On 22 May this year, Ireland will decide via referendum whether it wants to amend its constitution to allow same-sex couples to marry. As the vote approaches, a number of televised discussions involving politicians and LGBT activists sparring with representatives from religious groups have taken place, leaving many dismayed. To understand public discourse surrounding marriage equality in Ireland, one must consider Irish broadcasting law, and the country’s changing relationship with the Catholic church.
Section 42 of The Broadcasting Act of 2009 states that, when dealing with a subject that is to be decided via referendum, Irish television and radio stations are legally required to display “balance”. Specifically, programming must be “presented in an objective and impartial manner and without any expression of the broadcaster’s own views”.
Ostensibly, the legislation sounds fair. However, in practice – because of a an almost complete absence of political opposition to same-sex Marriage – it means that with regard to all broadcast discussions concerning same-sex marriage, fringe religious groups are effectively entitled to the same air-time as LGBT activists, and media personalities are restricted in providing any endorsement. Controversially, prominent Irish broadcasters have been reprimanded for expressing unchallenged support for Marriage Equality.
Currently, under Irish broadcasting law, broadcasters cannot support marriage equality unopposed.
After decades of abuse scandals, the Catholic church finds itself discredited in Ireland. The reputation of the one true church of St Peter tarnished, swathes of Irish people now completely disregard the recommendations of priests and bishops. The Irish are turning their backs on the Church in record numbers: a 2012 poll found that Ireland is abandoning religion at a pace faster than almost every other country in the world.
Now, with the church’s influence waning and Ireland’s marriage equality referendum looming, Catholic teaching is surreptitiously presented to the Irish public through devout representatives in the media.

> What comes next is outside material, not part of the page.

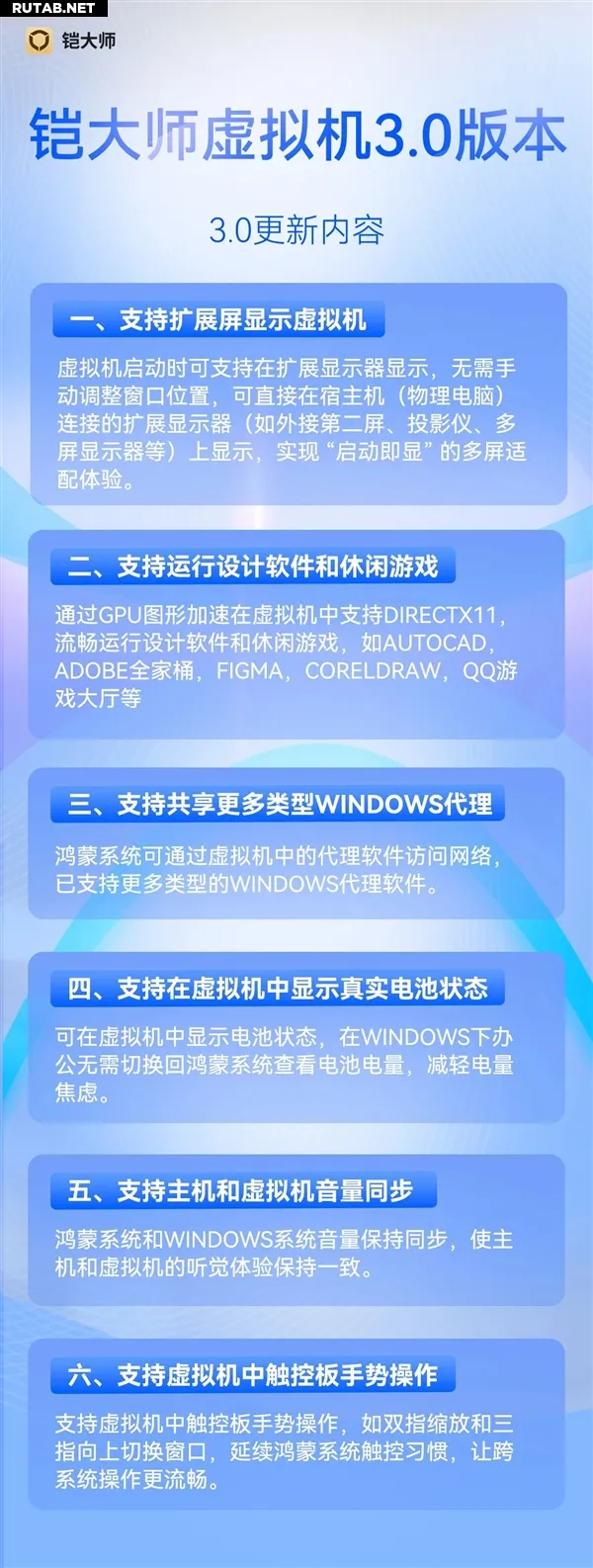 Система поддерживает автоматический запуск виртуальной машины при включении, что позволяет сразу загружаться в среду Windows. Недавно выпущенная HarmonyOS Master Virtual Machine 3.0 получила новые функции, включая отображение реального уровня заряда батареи и жесты сенсорной панели, что делает интерфейс более привычным для пользователей HarmonyOS.

Ireland’s primary opponents to Irish marriage equality are called “the Iona Institute”. The organisation is made up of (overwhelmingly right-wing Catholic) journalists and academics, and essentially functions as a sanitising filter through which the repeatedly disgraced Catholic Church’s teachings can now pass to the Irish electorate. Although the group presents a “secular case” against same-sex marriage, its website is littered with statements from Catholic hierarchy, and publicly endorses the right of businesses to decline service to patrons on religious grounds.
Despite its increasing contempt for the church, Ireland is still a more socially conservative country than its EU counterparts. Abortion is not permitted, unless a woman who wishes to obtain one can prove to a panel of three doctors that she is suicidal. Until 1993, homosexual acts were illegal. In 1995, the second time the country voted on it, divorce was legalised. While Irish society is not as religious as it once was, it still battles with internalised, quintessentially Catholic biases and prejudices.
Indeed, many of the social inequalities and injustices present in Ireland today are vestiges of a Catholic hegemony: “Catholic guilt”, a general, unarticulated antipathy toward a woman’s right to bodily autonomy, and institutionalised homophobia linger in the education system. The church still owns most of the schools in the country, and teachers can legally be dismissed for being gay, divorced, or an unwed parent.
And, it is with the familiarity of the remnants of a formerly hyper-Catholic Ireland in mind, that the Iona Institute presents its case against marriage equality.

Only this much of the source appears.